Goal of the exercise
Find, in the records below, the line that contains "وقعت جمهورية الكونغو" and the line that contains "The integrated picture-in-picture, embedded". Copy those two lines and everything between them exactly, but not the pictures.

Available data
::::::::

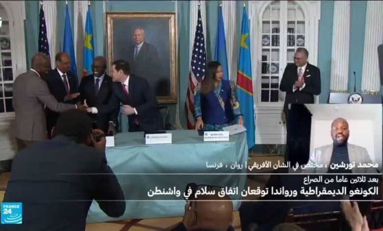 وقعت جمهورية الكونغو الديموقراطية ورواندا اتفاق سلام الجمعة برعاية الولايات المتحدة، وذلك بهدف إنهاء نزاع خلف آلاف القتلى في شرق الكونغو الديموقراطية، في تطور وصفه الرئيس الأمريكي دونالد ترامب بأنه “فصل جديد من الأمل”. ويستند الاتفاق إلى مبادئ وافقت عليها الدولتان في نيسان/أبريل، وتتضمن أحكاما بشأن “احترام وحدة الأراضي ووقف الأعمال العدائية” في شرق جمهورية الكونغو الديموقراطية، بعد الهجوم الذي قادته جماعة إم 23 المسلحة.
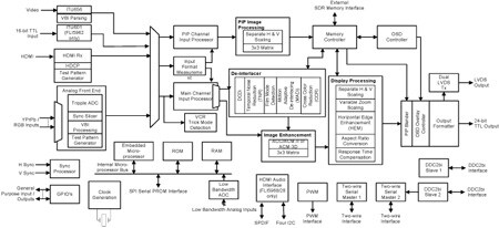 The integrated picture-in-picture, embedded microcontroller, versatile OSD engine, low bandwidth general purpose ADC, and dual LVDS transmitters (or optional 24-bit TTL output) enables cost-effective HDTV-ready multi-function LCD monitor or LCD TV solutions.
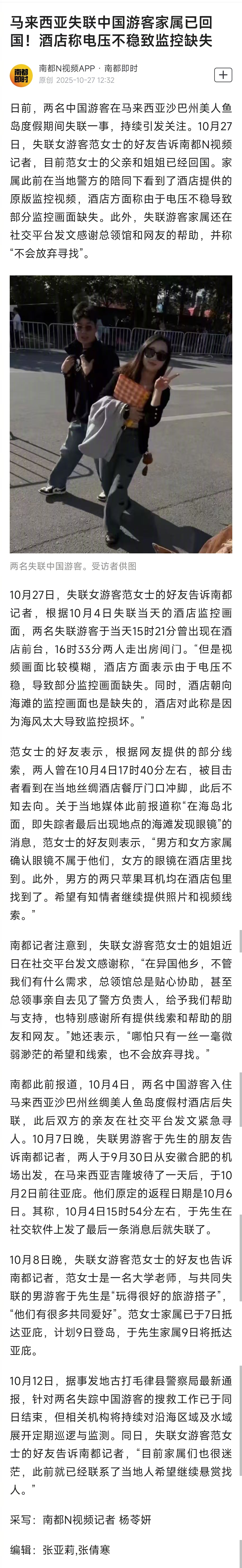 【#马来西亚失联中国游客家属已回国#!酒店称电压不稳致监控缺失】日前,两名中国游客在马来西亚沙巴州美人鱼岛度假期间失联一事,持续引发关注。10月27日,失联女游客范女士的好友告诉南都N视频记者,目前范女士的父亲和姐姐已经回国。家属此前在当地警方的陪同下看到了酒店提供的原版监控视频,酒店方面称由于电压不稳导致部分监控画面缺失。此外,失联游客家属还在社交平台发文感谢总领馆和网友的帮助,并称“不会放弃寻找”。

::::::::

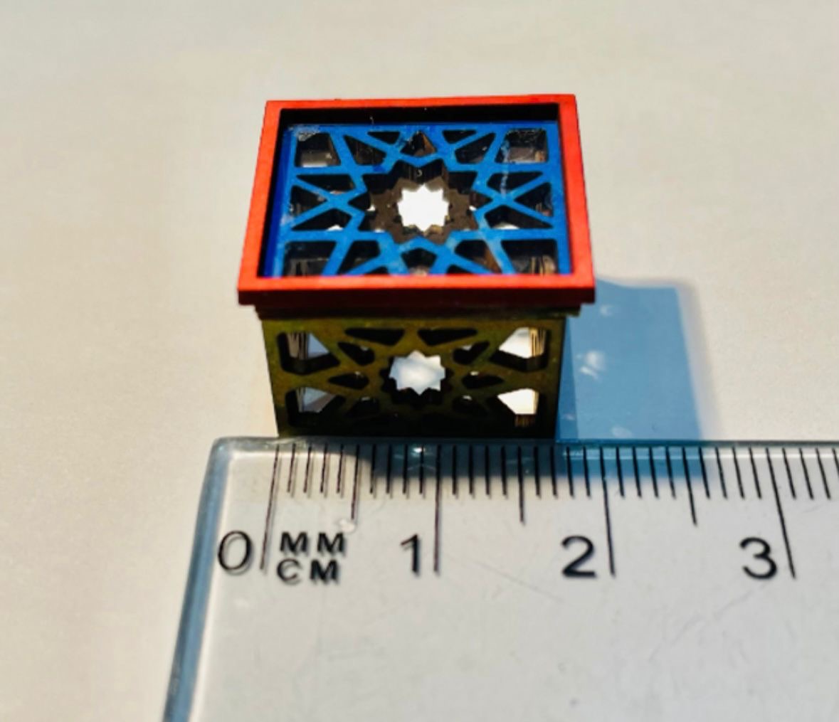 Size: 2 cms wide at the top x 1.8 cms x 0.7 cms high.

::::::::

Answer to the problem
 وقعت جمهورية الكونغو الديموقراطية ورواندا اتفاق سلام الجمعة برعاية الولايات المتحدة، وذلك بهدف إنهاء نزاع خلف آلاف القتلى في شرق الكونغو الديموقراطية، في تطور وصفه الرئيس الأمريكي دونالد ترامب بأنه “فصل جديد من الأمل”. ويستند الاتفاق إلى مبادئ وافقت عليها الدولتان في نيسان/أبريل، وتتضمن أحكاما بشأن “احترام وحدة الأراضي ووقف الأعمال العدائية” في شرق جمهورية الكونغو الديموقراطية، بعد الهجوم الذي قادته جماعة إم 23 المسلحة.
 The integrated picture-in-picture, embedded microcontroller, versatile OSD engine, low bandwidth general purpose ADC, and dual LVDS transmitters (or optional 24-bit TTL output) enables cost-effective HDTV-ready multi-function LCD monitor or LCD TV solutions.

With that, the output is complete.